*** EXCERPTED DATA Section Begins ***

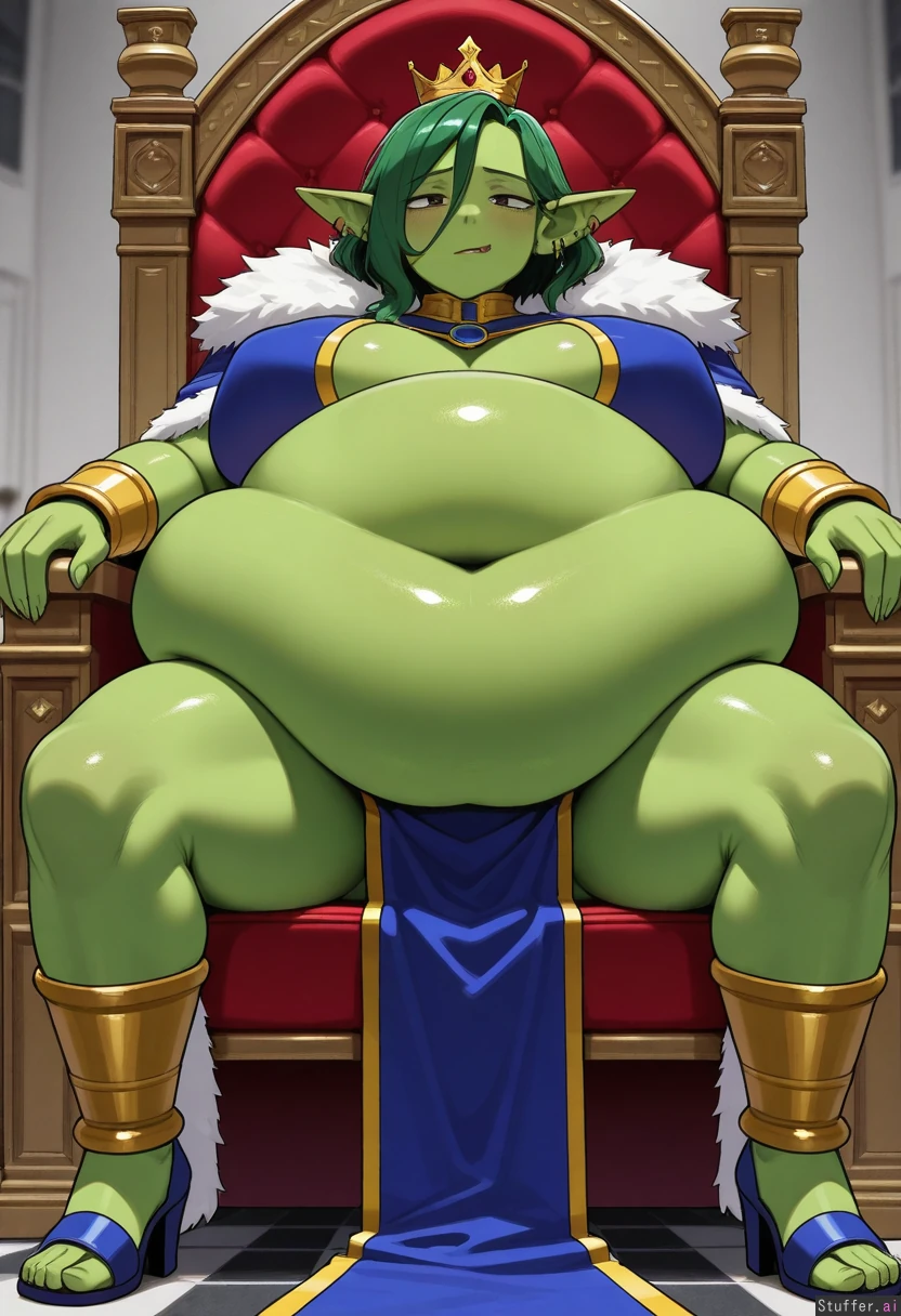 artist ohasi_art, lewdlemage, perfect quality, (Hyper Massive tummy:1.4), 8k , green skin, beautiful, solo, (Goblin), sitting on large throne, queen, (obese:1.4), tired look,flirty, burp, spread legs belly in lap, fat body, (ssbbw:1.3)
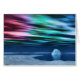 En la bahía de una tierra congelada flota un gran iceberg en el frío mar azul. Los copos de nieve y las estrellas mofan la escena, y en el cielo la aurora brilla en tonos rosas, lavanda, verde y azul.
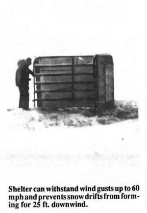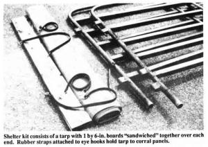 Developed by Robert Jairell and R.A. Schmidt at the Rocky Mountain Forest and Range Experiment Station near Laramie, Wyo., the portable shelter consists of a pair of 5 by 8-ft. common corral panels, four 1 by 6 in. boards, four rubber cords with hooks on either end, and a solid plastic tarp sized to fit the two panels (5 by 16 ft.).
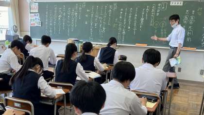 (写真 下:3年4組 国語「学びて時に之を思ふ」)
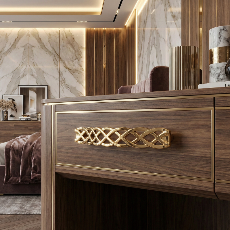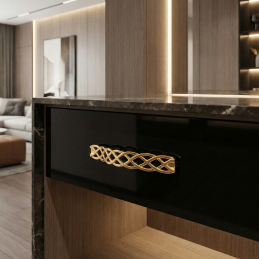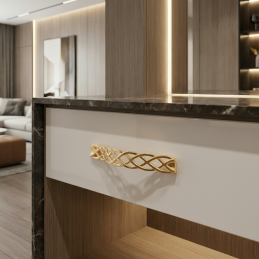 Luxusná nábytková úchytka ALINA v lesklom zlatom prevedení zaujme svojím prepracovaným pleteným dizajnom. Elegantný ornamentálny vzor pôsobí jemne a zároveň výrazne, čím dodá nábytku exkluzívny a dekoratívny charakter.
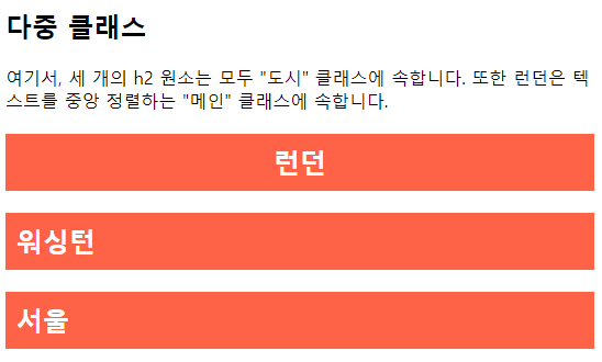 | <!DOCTYPE html> <html> <head> <style> .city { background-color: tomato; color: white; padding: 10px; } .main { text-align: center; } </style> </head> <body> <h2>다중 클래스</h2> <p>여기서, 세 개의 h2 원소는 모두 "도시" 클래스에 속합니다. 또한 런던은 텍스트를 중앙 정렬하는 "메인" 클래스에 속합니다.</p> <h2 class="city main">런던</h2> <h2 class="city">워싱턴</h2> <h2 class="city">서울</h2> </body> </html> |
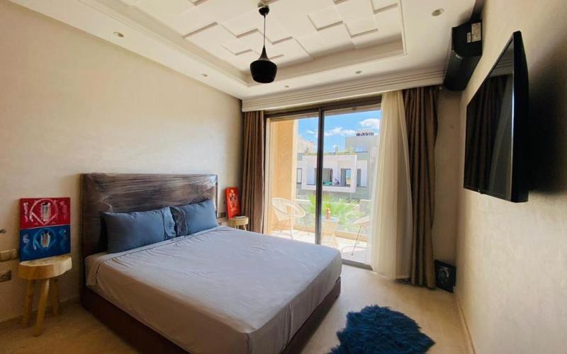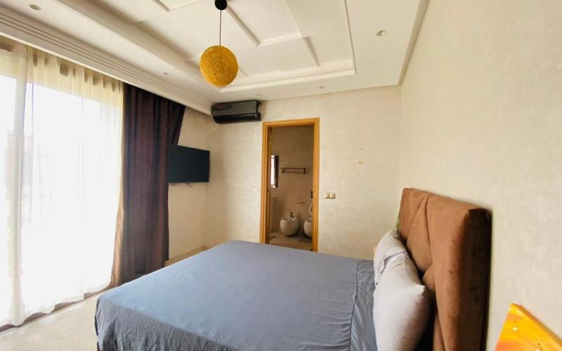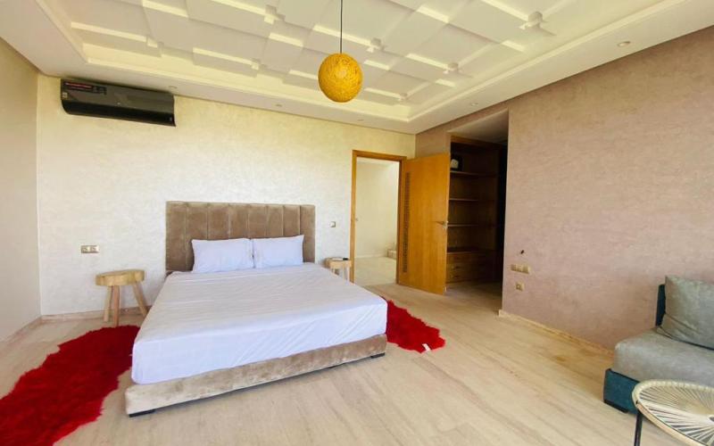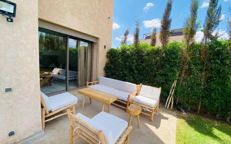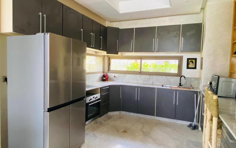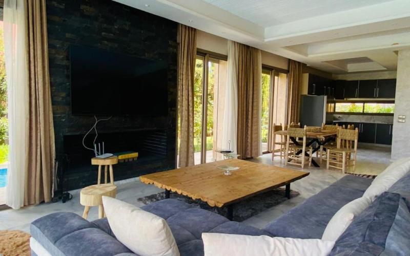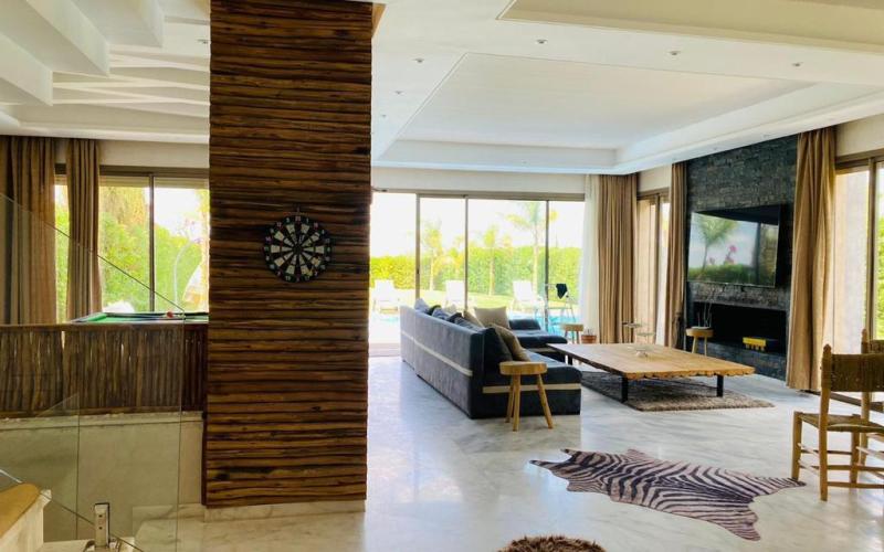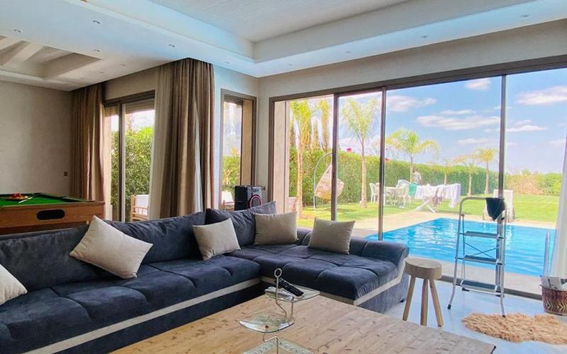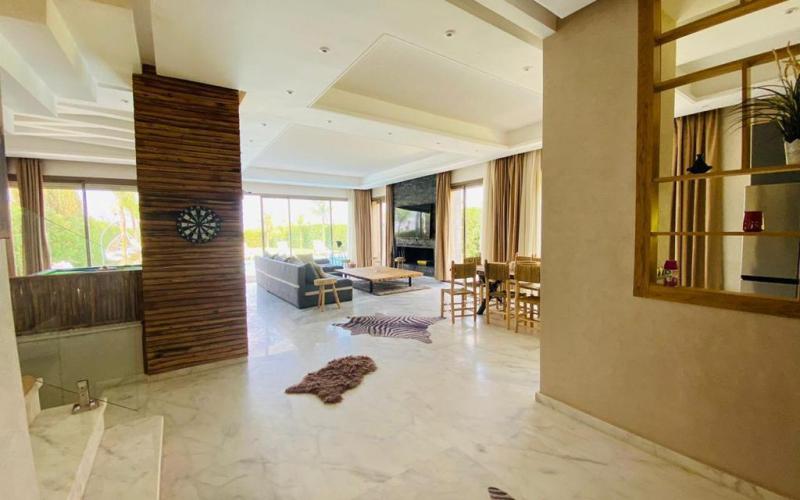 PROMO IMMO MARRAKECH vous propose Cette élégante villa contemporaine en R+1, entièrement meublée, équipée et titrée, séduit par ses volumes généreux, sa belle luminosité et son cadre de vie paisible au cœur du Golf Argan Chrifia.Édifiée sur un terrain de 600 m² pour une surface habitable de 320 m², la villa offre au rez-de-chaussée un vaste espace de vie réunissant salon, salle à manger et espaces de détente, ouvert sur l’extérieur grâce à de larges baies vitrées donnant sur la terrasse, le jardin et la piscine. La continuité intérieur/extérieur crée une atmosphère conviviale et raffinée. Une cuisine entièrement équipée, une salle de bain invités ainsi qu’un espace loisirs avec table de billard (pool 8) complètent ce niveau.À l’étage, l’espace nuit accueille 4 chambres confortables et meublées, dont une chambre avec salle de bain privative, un grand dressing indépendant et une salle de bain avec baignoire. Les chambres bénéficient d’une belle luminosité et d’une vue dégagée sur le jardin. À l’extérieur, un jardin soigneusement entretenu, une grande piscine privée et des espaces détente offrent un cadre idéal pour profiter du climat de Marrakech, en toute tranquillité et sans vis-à-vis.
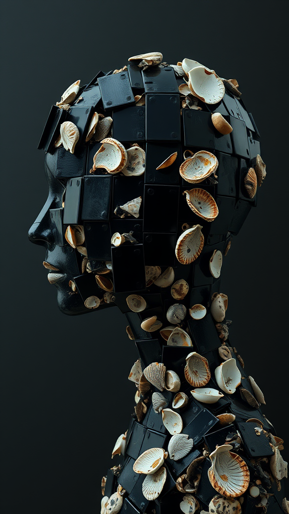 A surreal composition featuring the anatomy of a woman's head crafted from glossy black domino pieces intertwined with shattered sea shells; embodying an Octopath Traveler aesthetic with hints of vanitas. The structure is angular and embodies an altermodern essence, balancing between abstract and realistic with intricate detailing. The scene captures a raw yet captivating visual, merging elements into a cohesive artwork with a 4:5 aspect ratio and a moderate degree of stylized expression.
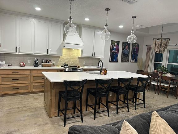 Nestled in a peaceful country setting, this custom-built home, constructed in 2021 offers an open-concept layout featuring a spacious kitchen, living, and dining area, ideal for both family time and entertaining. The kitchen boasts granite countertops, a large island, and an expansive pantry for ample storage. Stained concrete floors run throughout, adding durability and style.

*** EXCERPTED DATA Section Ends ***

Would you copy, exactly, each line from the start of the listing above through the line with "Luxusná nábytková úchytka", both ends included, but none of the pictures?

 artist ohasi_art, lewdlemage, perfect quality, (Hyper Massive tummy:1.4), 8k , green skin, beautiful, solo, (Goblin), sitting on large throne, queen, (obese:1.4), tired look,flirty, burp, spread legs belly in lap, fat body, (ssbbw:1.3)
 En la bahía de una tierra congelada flota un gran iceberg en el frío mar azul. Los copos de nieve y las estrellas mofan la escena, y en el cielo la aurora brilla en tonos rosas, lavanda, verde y azul.
 Developed by Robert Jairell and R.A. Schmidt at the Rocky Mountain Forest and Range Experiment Station near Laramie, Wyo., the portable shelter consists of a pair of 5 by 8-ft. common corral panels, four 1 by 6 in. boards, four rubber cords with hooks on either end, and a solid plastic tarp sized to fit the two panels (5 by 16 ft.).
 (写真 下:3年4組 国語「学びて時に之を思ふ」)
 Luxusná nábytková úchytka ALINA v lesklom zlatom prevedení zaujme svojím prepracovaným pleteným dizajnom. Elegantný ornamentálny vzor pôsobí jemne a zároveň výrazne, čím dodá nábytku exkluzívny a dekoratívny charakter.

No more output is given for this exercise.